迭代字符串列表以获得最短的单词？

Question

清单（上）：[快，棕，狐，跳，过，懒，狗]

我正在尝试返回最短词的集合。（狗，狐狸，）

public Collection<String> getShortestWords() {

    ArrayList<String> newlist = new ArrayList<String>();


    for(int i = 0; i < lst.size(); i++){
        if(lst.get(i).length() > lst.get(i+1).length()){
            newlist.add(lst.get(i+1));
        }



    }return newlist;
}

我通过扫描文本文档来完成此工作，但我必须先将其转换为列表以删除不必要的标点符号和数字。但我犯了一个错误，所以现在我需要遍历列表而不是文件。

这是我原来的逻辑：

String shortestWord = null;
String current;
while (scan.hasNext()) {    //while there is a next word in the text
        current = scan.next();  //set current to the next word in the text
        if (shortestWord == null) { //if shortestWord is null
            shortestWord = current; //set shortestWord to current
            lst.add(shortestWord);  //add the shortest word to the array
        }
        if (current.length() < shortestWord.length()) { //if the current word length is less than previous shortest word
            shortestWord = current; //set shortest word to the current
            lst.clear();    //clear the previous array
            lst.add(shortestWord);  //add the new shortest word
        }
        else if(current.length() == shortestWord.length()){ //if the current word is the same length as the previous shortest word
            if(!lst.contains(current))

            lst.add(current);

            }
        }
        return lst;
}

Answer 1

使用Collections.min和自定义比较器获取最短单词的长度，然后在长度等于最低值时将每个对象添加到结果列表中。

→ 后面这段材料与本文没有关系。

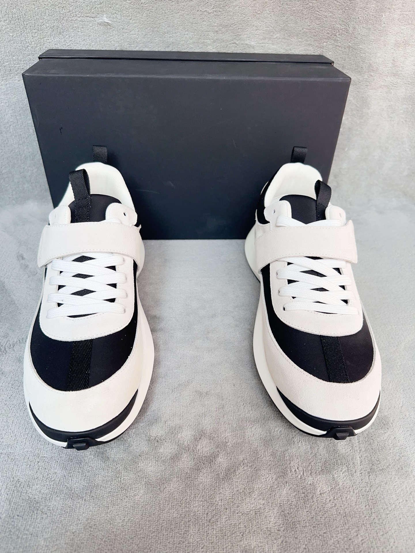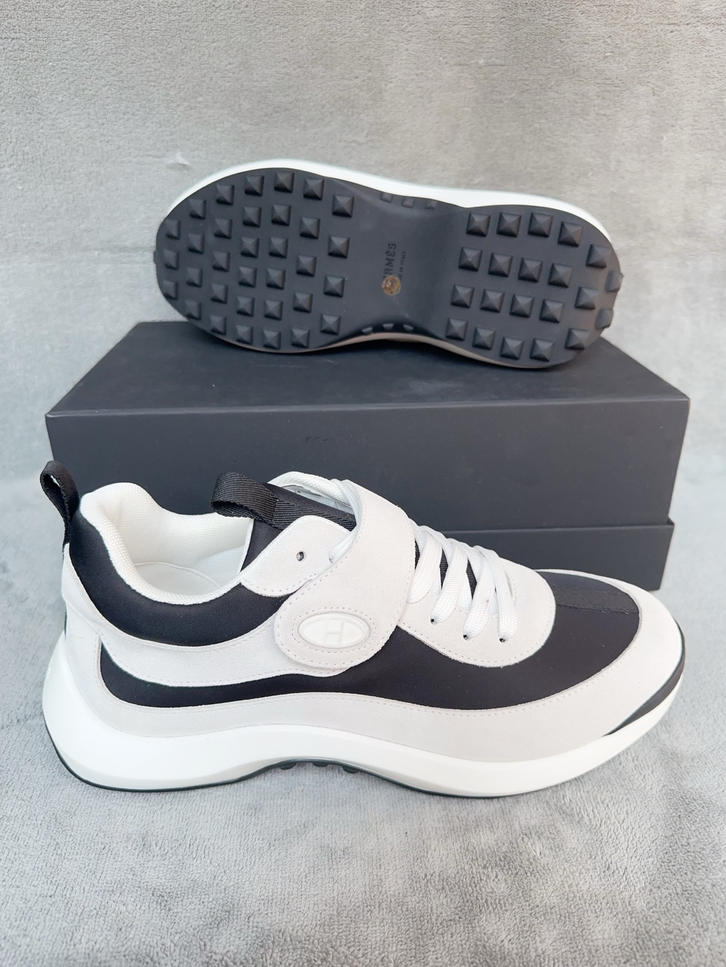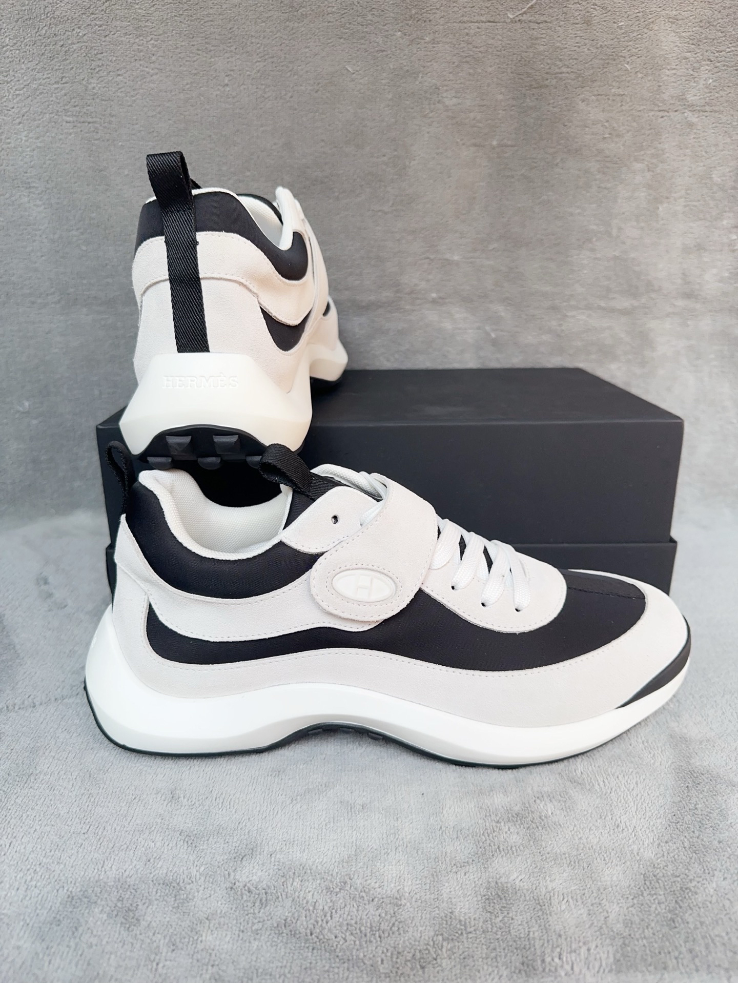 Unique brand-exclusive leather patchwork and custom fabrics, along with the brand logo on the tongue, create a striking three-dimensional look. A soft, comfortable sole is paired with a T-shaped outsole.

int minLength = Collections.min(yourListOfString, new Comparator<String>() {
                       @Override
                       public int compare(String arg0, String arg1) {
                           return arg0.length() - arg1.length();
                       }
                 }).length();

for(String s : yourListOfString)
{
    if(s.length() == minLength)
    {
       if(!yourResultList.contains(s))
           yourResultList.add(s);
    }
}

从doc中，compare方法必须返回

  

作为第一个参数的负整数，零或正整数   小于，等于或大于第二个。